AWS Certified Machine Learning Engineer – Associate (MLA-C01) — Question 55
An ML engineer receives datasets that contain missing values, duplicates, and extreme outliers. The ML engineer must consolidate these datasets into a single data frame and must prepare the data for ML.
Which solution will meet these requirements?
Answer options
- A. Use Amazon SageMaker Data Wrangler to import the datasets and to consolidate them into a single data frame. Use the cleansing and enrichment functionalities to prepare the data.
- B. Use Amazon SageMaker Ground Truth to import the datasets and to consolidate them into a single data frame. Use the human-in-the-loop capability to prepare the data.
- C. Manually import and merge the datasets. Consolidate the datasets into a single data frame. Use Amazon Q Developer to generate code snippets that will prepare the data.

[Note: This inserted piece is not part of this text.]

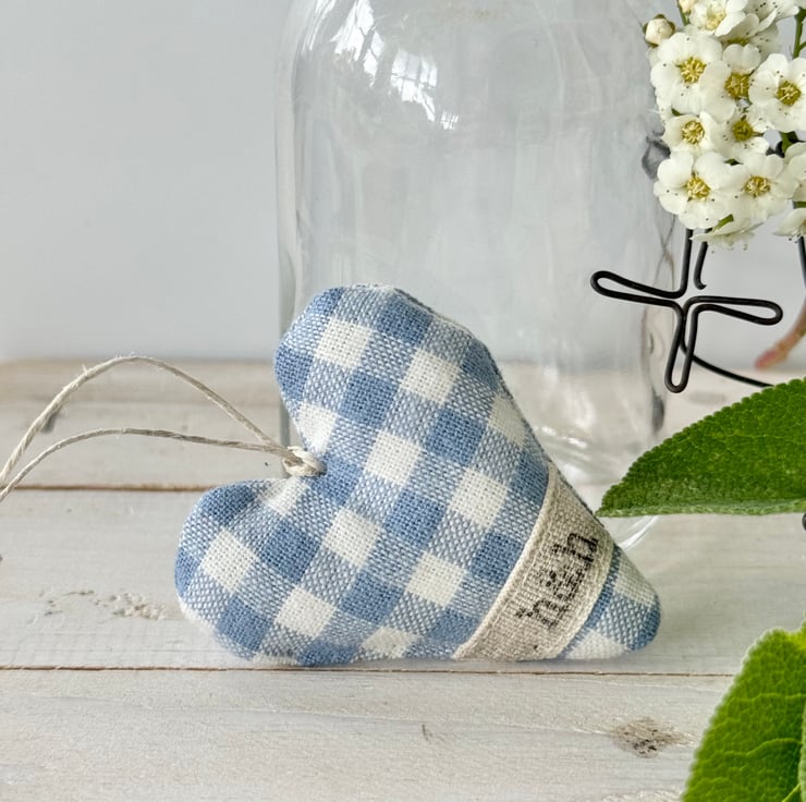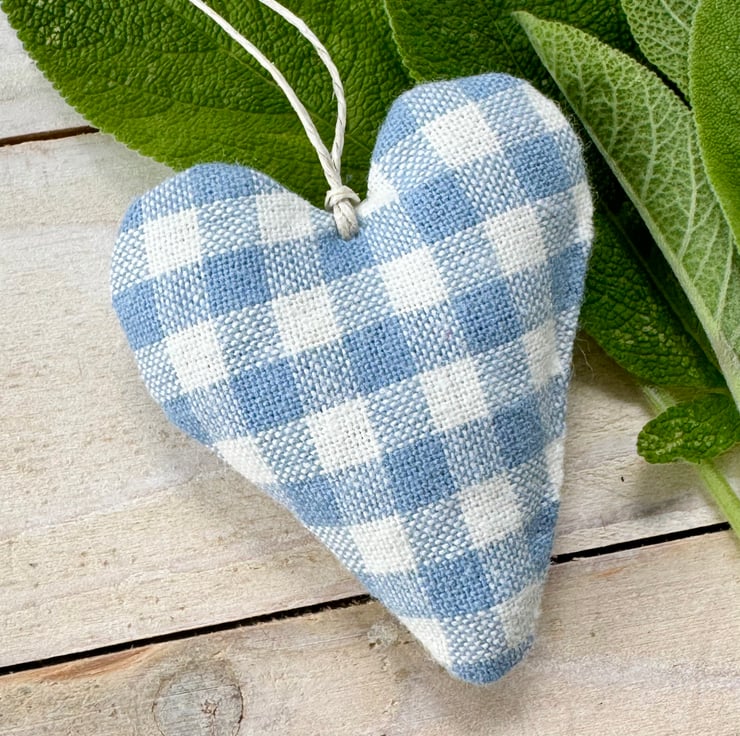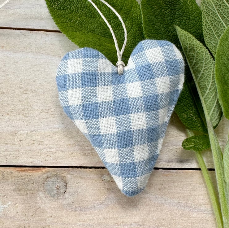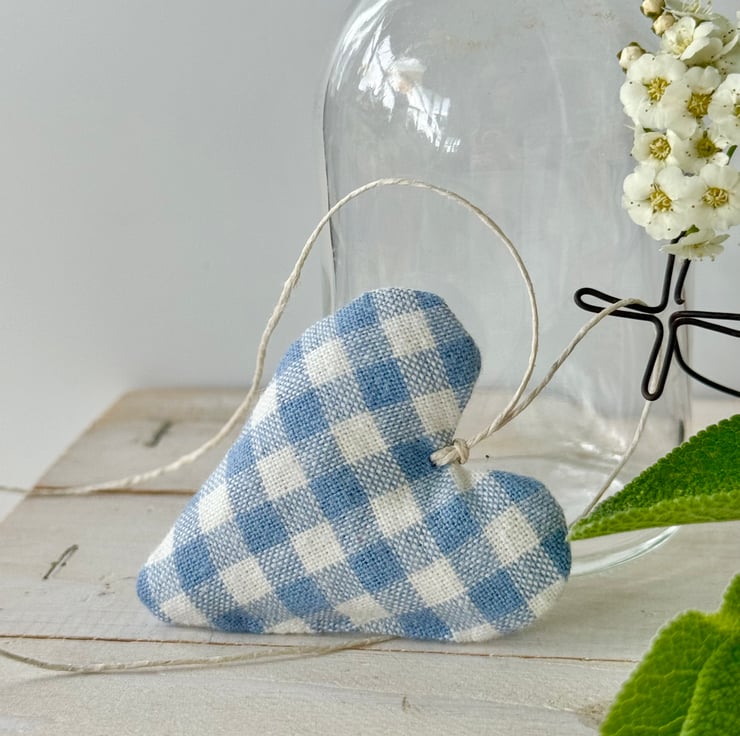 Handmade in superior quality woven cotton, with delicate pale blue and white gingham checks front and back, filled with wonderfully fragrant Hampshire lavender and complete with natural hemp twine hanging ties.

- D. Manually import and merge the datasets. Consolidate the datasets into a single data frame. Use Amazon SageMaker data labeling to prepare the data.
Correct answer: A
Explanation
The correct answer is A because Amazon SageMaker Data Wrangler is specifically designed to handle data preparation tasks, including cleansing and enrichment, which is essential for addressing missing values, duplicates, and outliers. The other options do not provide the necessary functionalities for data cleansing and preparation, making them less suitable for the task at hand.